Не надо бояться провала в театре, у него ведь не такая большая аудитория, как у телевидения или ютуба, например. Вот когда лоханулся на «Первом канале» в «Вечернем Урганте» или в ютуб не тот ролик ночью загрузил — тут можно расстроиться, а театр — это зона экспериментов.

Если для тебя важен сам процесс создания спектакля, а не успех для удовлетворения самолюбия, то не стоит бояться провалов — забей и иди дальше.

— У тебя всё пока в Питере, почему в Москве ничего не делаешь?

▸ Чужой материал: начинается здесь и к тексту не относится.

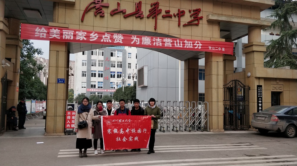 2月6日中午,“营山二中”寒假社会实践团队在营山县第二中学开展了高中校园行宣讲活动。团队选取营山县第二中学的文科、理科实验班和文科复习班各一个进行了宣讲,宣讲内容主要为高三复习技巧、高考志愿填报相关知识,以及太阳成集团tyc234cc概况。宣讲过程中,各成员分工明确,耐心细致,给高三学子们上了一堂不一样的“课”。在谈及太阳成集团tyc234cc时,高三学子们热情高涨,纷纷举手提问,成员们一一进行了解答。

— Москва — город, где потребляют искусство. Здесь слишком много всего, невозможно уследить за событиями, ты можешь много работать, а результата не получить. А в Петербурге мы врезаемся в полуунылое пространство, и это как глоток свежего воздуха для людей.

— Но всё же ты хочешь выходить на какой-то новый уровень, знаю, что «Театр. На Вынос» заявил «Старика и море» в программу «Золотой маски».

— Да, мы написали им письмо.

Мне кажется, пора стать крутой страной, где можно отобрать проект по письму в фейсбуке, нужно сделать фестиваль и премии свободными. Сейчас из года в год награждают одних и тех же людей, и ничего не меняется.

— Что ты ставишь прямо сейчас?

— Спектакль называется Abuse Opera — это социально-документальная опера, основанная на историях людей, столкнувшихся с экономическим, сексуальным и физическим насилием. Материал мы собирали в течение года с режиссером Максом Карнауховым, соавтором «Театра. На Вынос», задавая разным людям вопрос «За что в России бьют?». Эти истории стали основой для либретто. Премьера запланирована на конец апреля – начало мая.